■ Assigned task:
In the listing below, find the line containing "2022/11/23 ワークショップ 簡単パペット「うさぎ」のワークショップ" and the line containing "Previous: >>555403694 >Character", then copy exactly everything from the first through the second, except the pictures.

■ Dataset records:
-- Opening Marker --
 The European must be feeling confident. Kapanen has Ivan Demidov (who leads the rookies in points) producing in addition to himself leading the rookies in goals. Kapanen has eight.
-- Closing Marker --
-- Opening Marker --
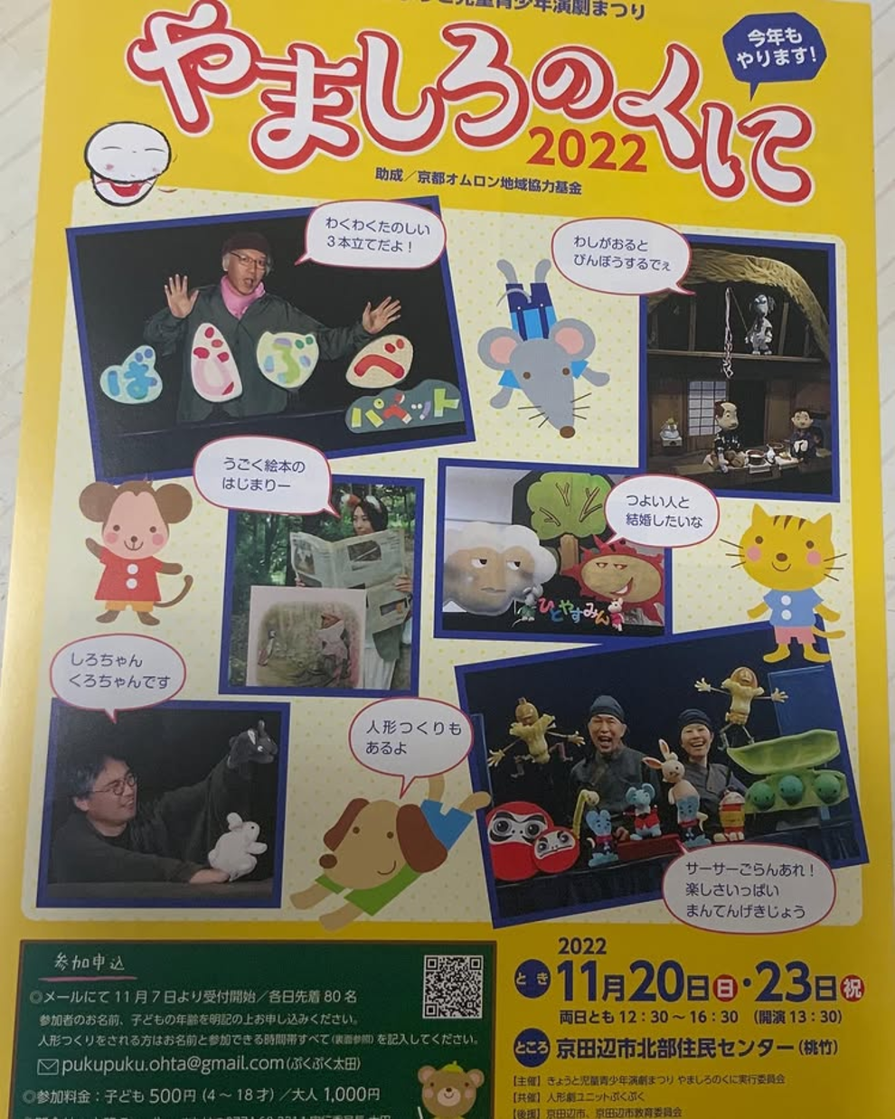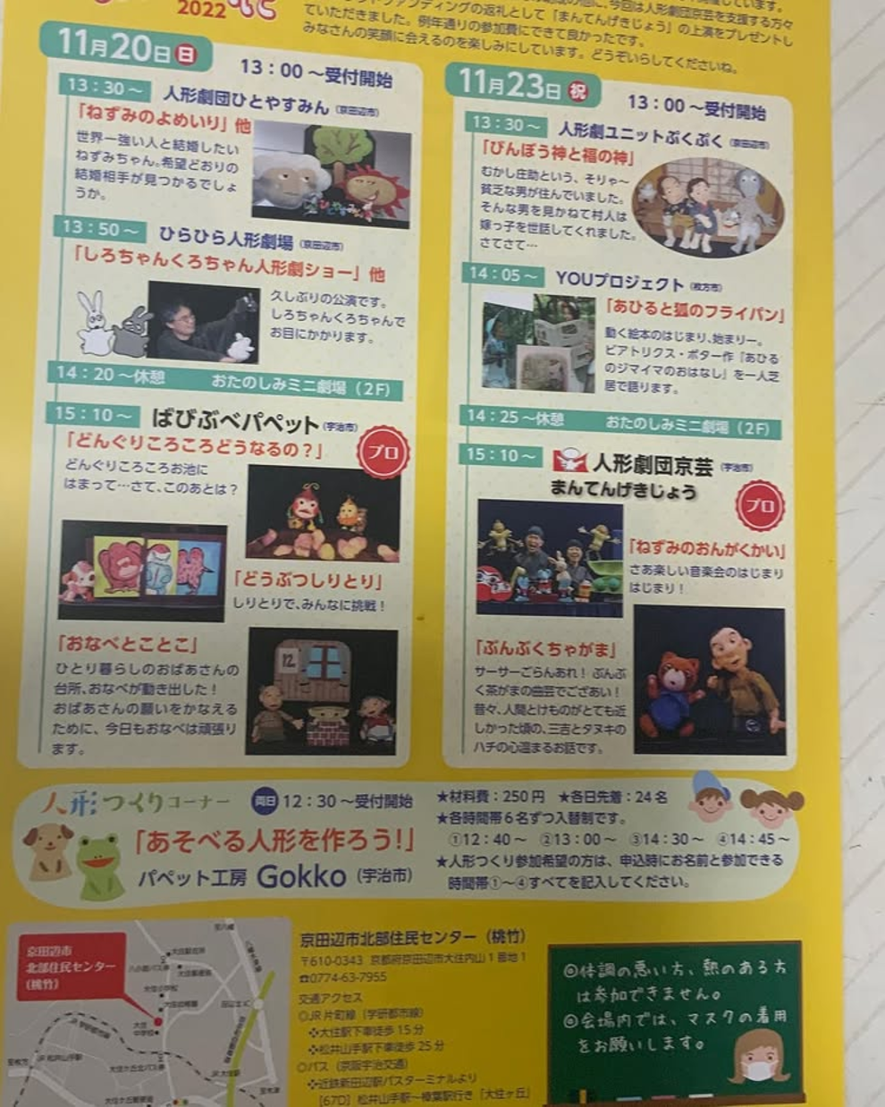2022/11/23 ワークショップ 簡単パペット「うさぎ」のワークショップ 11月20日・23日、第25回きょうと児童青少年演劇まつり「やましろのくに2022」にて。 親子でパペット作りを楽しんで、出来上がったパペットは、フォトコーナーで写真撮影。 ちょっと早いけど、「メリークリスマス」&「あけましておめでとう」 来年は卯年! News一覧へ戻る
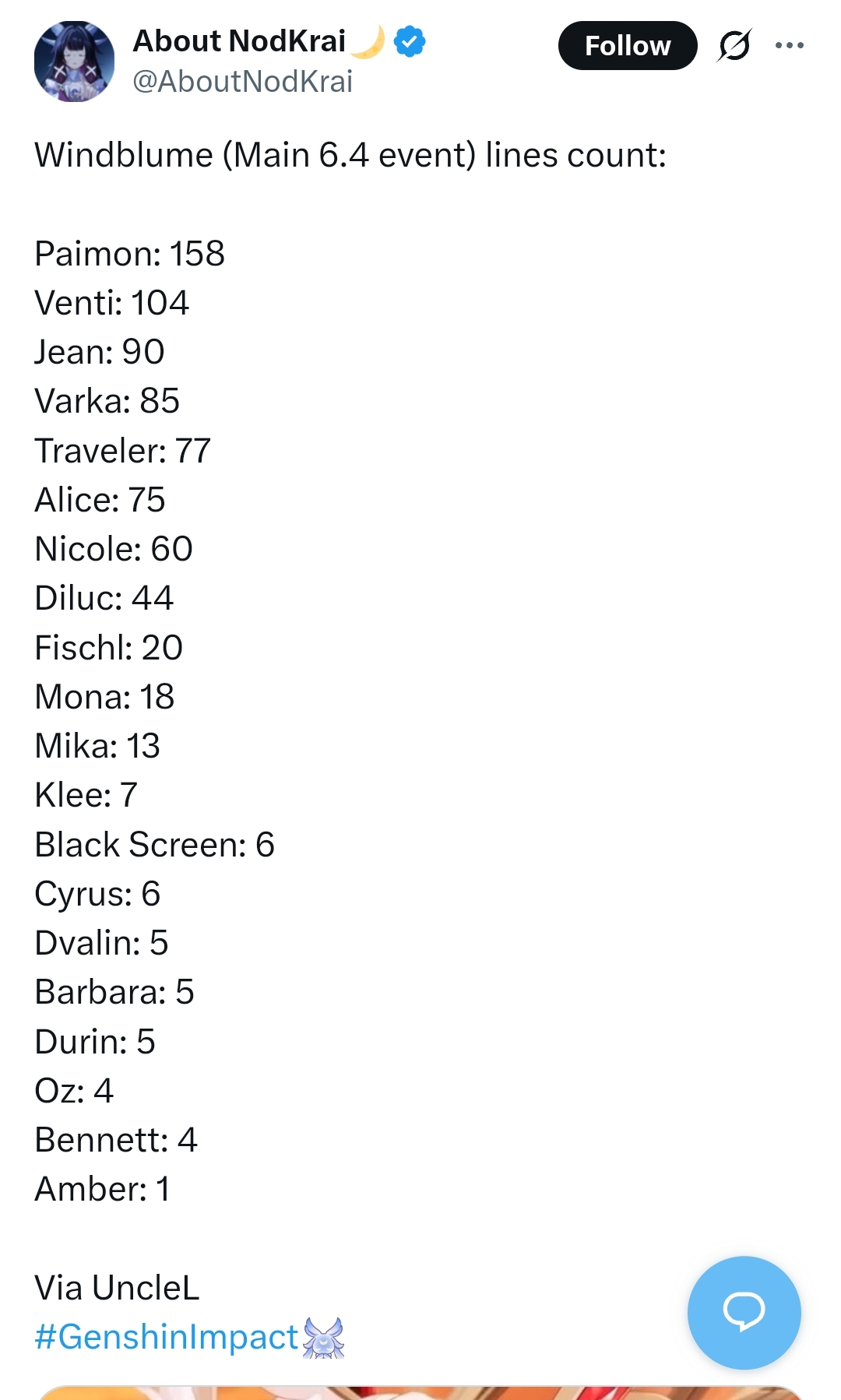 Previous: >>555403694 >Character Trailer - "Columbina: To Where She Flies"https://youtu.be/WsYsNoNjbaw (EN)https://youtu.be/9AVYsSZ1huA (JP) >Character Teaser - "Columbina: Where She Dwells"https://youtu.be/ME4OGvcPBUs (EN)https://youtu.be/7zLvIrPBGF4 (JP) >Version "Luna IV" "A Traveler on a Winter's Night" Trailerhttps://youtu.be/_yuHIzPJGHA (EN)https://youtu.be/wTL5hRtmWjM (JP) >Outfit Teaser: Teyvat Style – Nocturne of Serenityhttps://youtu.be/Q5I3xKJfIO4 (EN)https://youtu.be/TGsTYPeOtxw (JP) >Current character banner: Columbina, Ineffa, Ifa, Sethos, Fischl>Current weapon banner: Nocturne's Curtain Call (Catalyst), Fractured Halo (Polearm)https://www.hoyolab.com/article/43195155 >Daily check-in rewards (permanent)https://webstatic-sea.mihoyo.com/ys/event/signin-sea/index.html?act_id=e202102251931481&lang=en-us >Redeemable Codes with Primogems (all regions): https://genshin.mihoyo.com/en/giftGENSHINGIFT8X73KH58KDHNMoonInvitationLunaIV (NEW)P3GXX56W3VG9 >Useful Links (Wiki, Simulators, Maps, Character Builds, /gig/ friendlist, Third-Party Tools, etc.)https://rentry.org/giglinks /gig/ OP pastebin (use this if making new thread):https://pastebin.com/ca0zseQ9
-- Closing Marker --
■ Answer to this problem:
2022/11/23 ワークショップ 簡単パペット「うさぎ」のワークショップ 11月20日・23日、第25回きょうと児童青少年演劇まつり「やましろのくに2022」にて。 親子でパペット作りを楽しんで、出来上がったパペットは、フォトコーナーで写真撮影。 ちょっと早いけど、「メリークリスマス」&「あけましておめでとう」 来年は卯年! News一覧へ戻る
 Previous: >>555403694 >Character Trailer - "Columbina: To Where She Flies"https://youtu.be/WsYsNoNjbaw (EN)https://youtu.be/9AVYsSZ1huA (JP) >Character Teaser - "Columbina: Where She Dwells"https://youtu.be/ME4OGvcPBUs (EN)https://youtu.be/7zLvIrPBGF4 (JP) >Version "Luna IV" "A Traveler on a Winter's Night" Trailerhttps://youtu.be/_yuHIzPJGHA (EN)https://youtu.be/wTL5hRtmWjM (JP) >Outfit Teaser: Teyvat Style – Nocturne of Serenityhttps://youtu.be/Q5I3xKJfIO4 (EN)https://youtu.be/TGsTYPeOtxw (JP) >Current character banner: Columbina, Ineffa, Ifa, Sethos, Fischl>Current weapon banner: Nocturne's Curtain Call (Catalyst), Fractured Halo (Polearm)https://www.hoyolab.com/article/43195155 >Daily check-in rewards (permanent)https://webstatic-sea.mihoyo.com/ys/event/signin-sea/index.html?act_id=e202102251931481&lang=en-us >Redeemable Codes with Primogems (all regions): https://genshin.mihoyo.com/en/giftGENSHINGIFT8X73KH58KDHNMoonInvitationLunaIV (NEW)P3GXX56W3VG9 >Useful Links (Wiki, Simulators, Maps, Character Builds, /gig/ friendlist, Third-Party Tools, etc.)https://rentry.org/giglinks /gig/ OP pastebin (use this if making new thread):https://pastebin.com/ca0zseQ9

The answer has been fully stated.